> _Required work_: Every line from the line containing "Le Pont Neuf" through the final line of the data is to be printed exactly; no other line is to appear.

> _Information shown_:
+===+
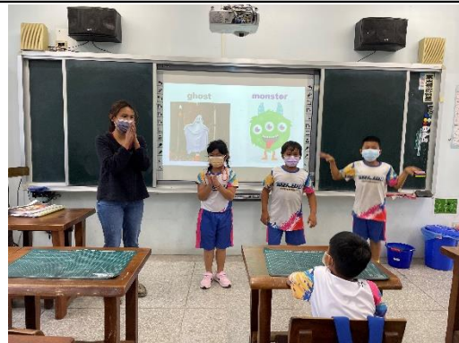
說明：萬聖節英語教學
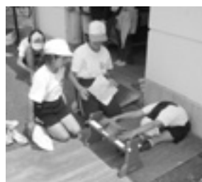
長座体前屈の平均値 (単位 cm)
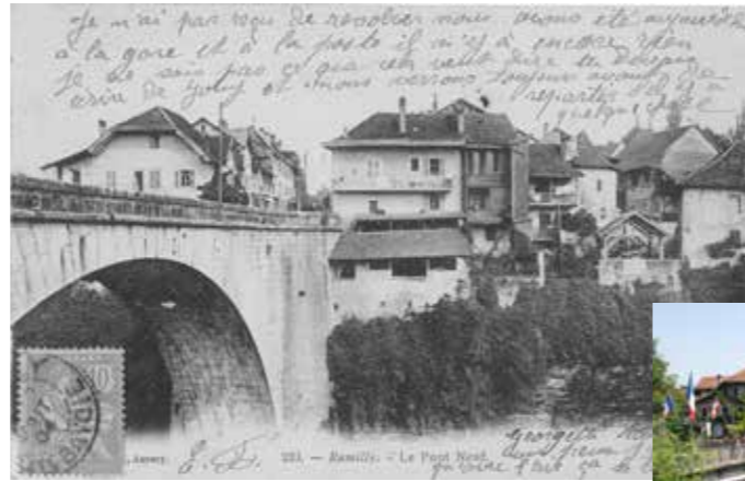
Le Pont Neuf : L'ancien Pont St Joseph est détruit le 29 juin 1940. Le pont, qui enjambe le Chéran, est remis en service en 1942.

Dans le cadre de l'exposition temporaire La Haute-Savoie pittoresque. Ernest et Auguste Pittier, éditeurs de cartes postales (voir agenda page 22), le musée vous propose une plongée au cœur du Rumilly du début du xx e siècle et des évolutions qu'ont connu les lieux familiers de notre quotidien en 100 ans !
+===+
> _Result_:
Le Pont Neuf : L'ancien Pont St Joseph est détruit le 29 juin 1940. Le pont, qui enjambe le Chéran, est remis en service en 1942.

Dans le cadre de l'exposition temporaire La Haute-Savoie pittoresque. Ernest et Auguste Pittier, éditeurs de cartes postales (voir agenda page 22), le musée vous propose une plongée au cœur du Rumilly du début du xx e siècle et des évolutions qu'ont connu les lieux familiers de notre quotidien en 100 ans !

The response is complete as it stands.